Combine Workers AI and Vectorize to build a complete RAG (Retrieval-Augmented Generation) API. Users submit queries, the system finds relevant context via semantic search, then generates intelligent responses.

from js import Response, env
import json

async def on_fetch(request):
    if request.method == "POST":
        data = await request.json()

        # Generate embedding for the query
        embedding = await env.AI.run(
            "@cf/baai/bge-base-en-v1.5",
            text=data["query"]
        )

        # Semantic search for relevant context
        results = await env.VECTORIZE_INDEX.query(
            embedding.data[0], topK=5
        )

        # Build context from search results
        context = "\n".join([
            r.metadata.content for r in results.matches
        ])

        # Generate response using LLM with context
        response = await env.AI.run(
            "@cf/meta/llama-3-8b-instruct",
            messages=[
                {"role": "system", "content": f"Context: {context}"},
                {"role": "user", "content": data["query"]}
            ]
        )

        return Response.json({"answer": response.response})

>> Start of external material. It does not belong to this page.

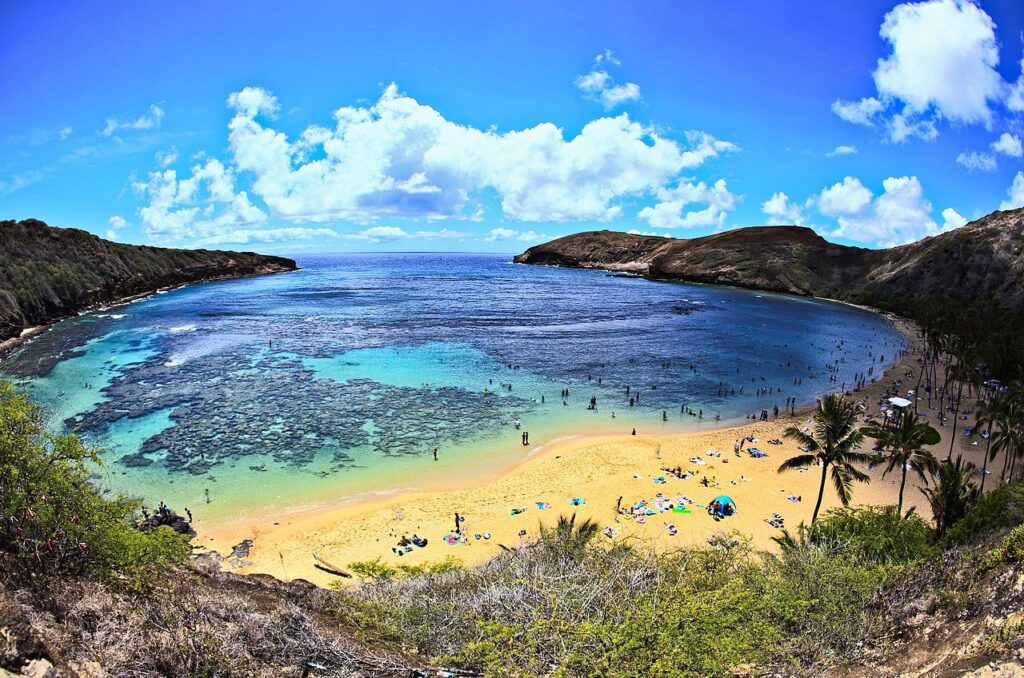 Hanauma Bay gives snorkelers clear views of coral and colorful fish in gentle conditions. The curved bay shelters the water, making it easy for beginners to feel steady. People spread out across the sand before wading in with masks and fins. Morning light helps brighten the underwater shapes.

Services used: Workers AI (embeddings + LLM), Vectorize (vector search), Python Workers (API handler)

Pattern 2: Async Data Pipeline

Accept file uploads via an API, store them in R2, queue them for background processing with AI, and persist results in D1. The API returns immediately while processing happens asynchronously.

# API endpoint triggers processing
async def on_fetch(request):
    file_url = (await request.json())["file_url"]

    # Store in R2
    file_data = await fetch(file_url)
    key = f"uploads/{uuid4()}"
    await env.BUCKET.put(key, file_data.body)

    # Queue for background processing
    await env.PROCESS_QUEUE.send({
        "key": key,
        "user_id": request.headers.get("X-User-ID")
    })

    return Response.json({"status": "processing"})

# Queue consumer processes files asynchronously
async def queue_handler(batch):
    for msg in batch.messages:
        # Get file from R2
        obj = await env.BUCKET.get(msg.body["key"])
        data = await obj.text()

        # Process with AI (summarization)
        summary = await env.AI.run(
            "@cf/facebook/bart-large-cnn", text=data
        )

        # Store results in D1
        await env.DB.prepare("""
            INSERT INTO summaries (user_id, summary, created_at)
            VALUES (?, ?, datetime('now'))
        """).bind(msg.body["user_id"], summary.summary).run()

        msg.ack()

Services used: R2 (file storage), Queues (async processing), Workers AI (summarization), D1 (results database)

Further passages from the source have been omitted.